By then, Epix and Schering had terminated their marketing partnership for MS-325, with rights to the agent reverting to Epix. The company was also entering into a cycle of workforce reductions, and in March 2009 announced that it had received a "going concern" notice from its auditors regarding its ability to continue operations.
In an effort to raise funds, Epix in April 2009 sold U.S., Canadian, and Australian marketing rights to MS-325 for $28 million to Lantheus Medical Imaging of North Billerica, MA. Lantheus said it planned to relaunch the agent under a different name by the end of the year.
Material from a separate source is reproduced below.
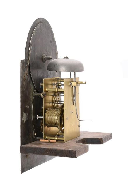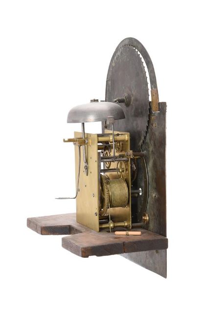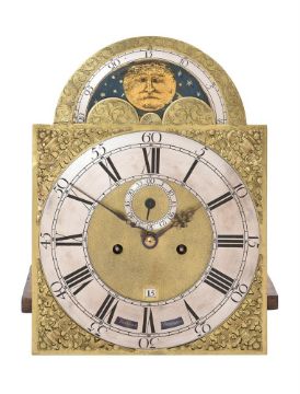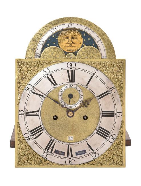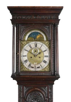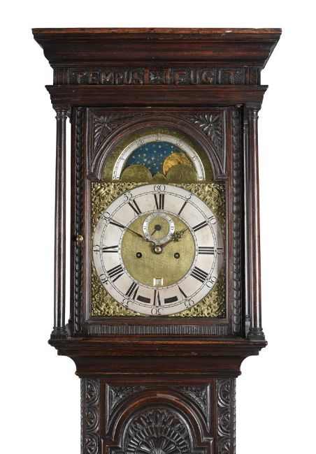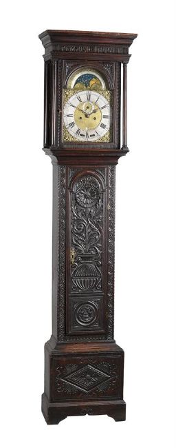 A carved oak longcase clock, with eight-day bell striking movement, the 12inch arched brass dial with applied spandrels to the angles and with moon phase automaton to the arch, the Roman numeral chapter ring bearing inscription for Arthur Downes and with subsidiary seconds dial, the case heavily carved, 225cm highProvenance: From the collection of the late Selwyn Demmy
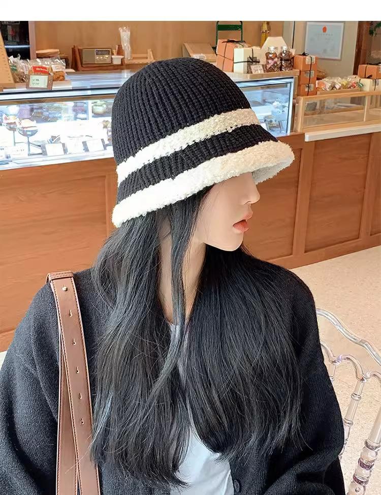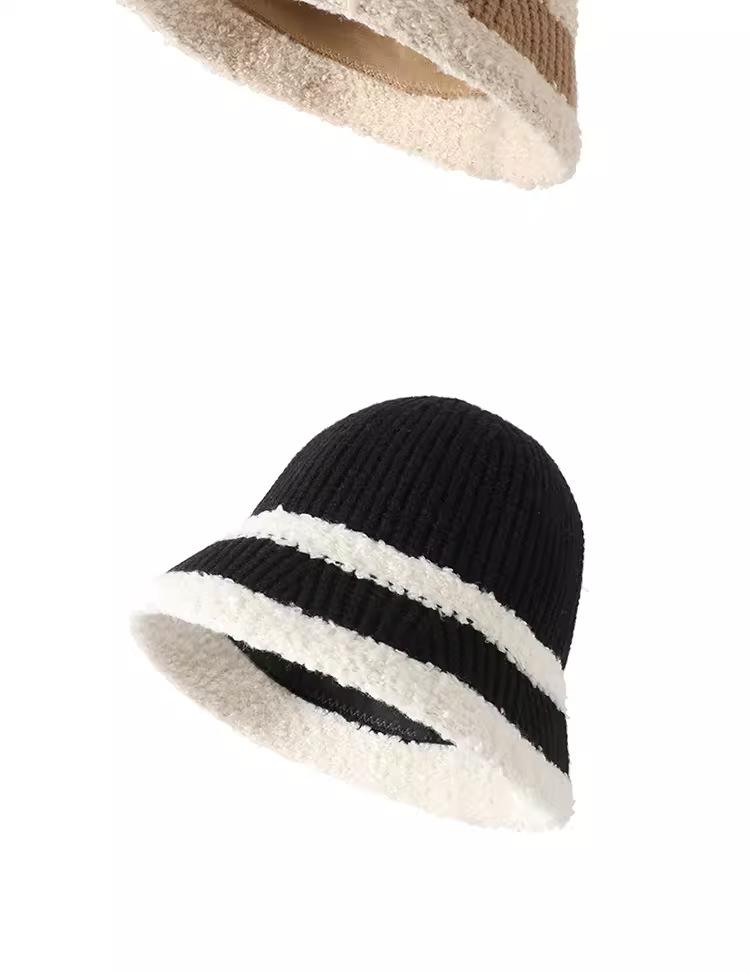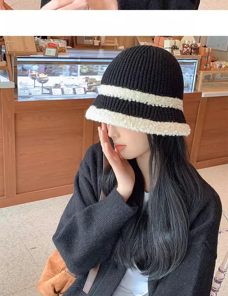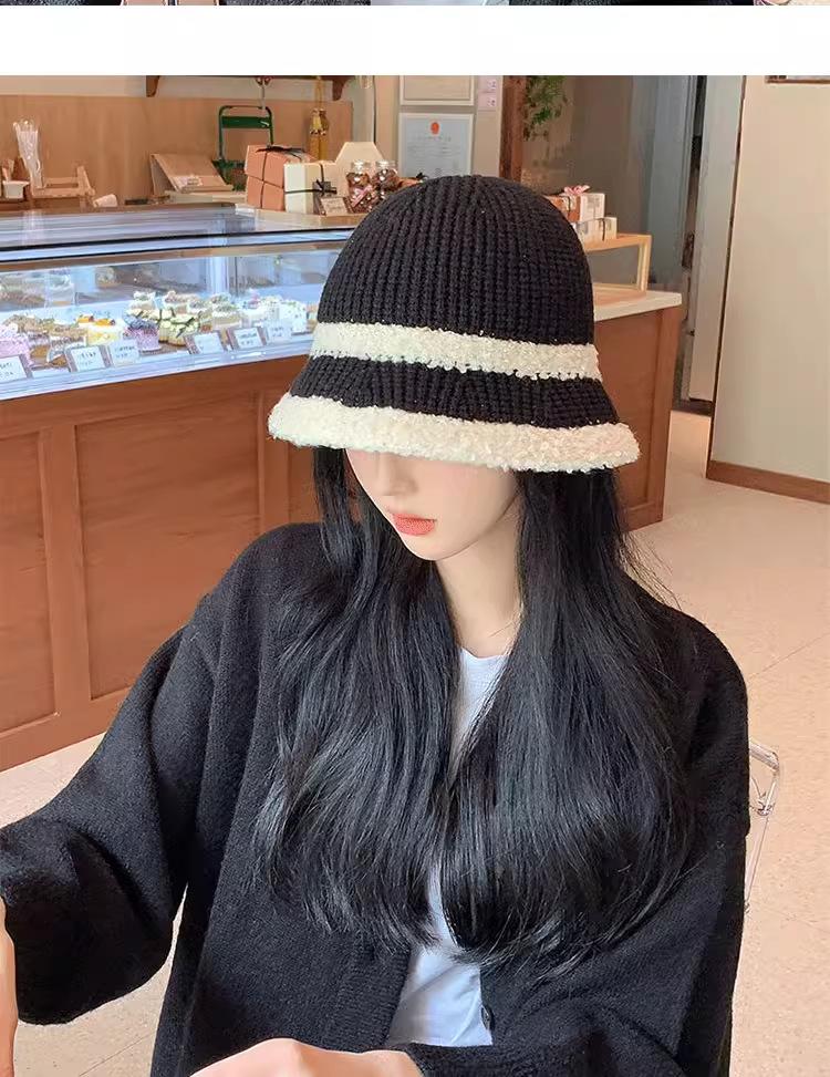 Knitted color-blocked warm basin hat-black, Knitted color-blocked warm basin hat-milk white, Knitted color-blo...

With the divestiture of MS-325, Epix was no longer active in the imaging market and instead focused on two therapeutic compounds, one for treating Alzheimer's disease and another for treating pulmonary hypertension associated with chronic obstructive pulmonary disease.
As it winds down its operations, Epix expects to retain Elkan Gamzu, Ph.D., its president and CEO, for a short period of time to assist in implementing an orderly dissolution. The company said it did not expect to be able to distribute proceeds from the auction to shareholders once its creditors had been paid off.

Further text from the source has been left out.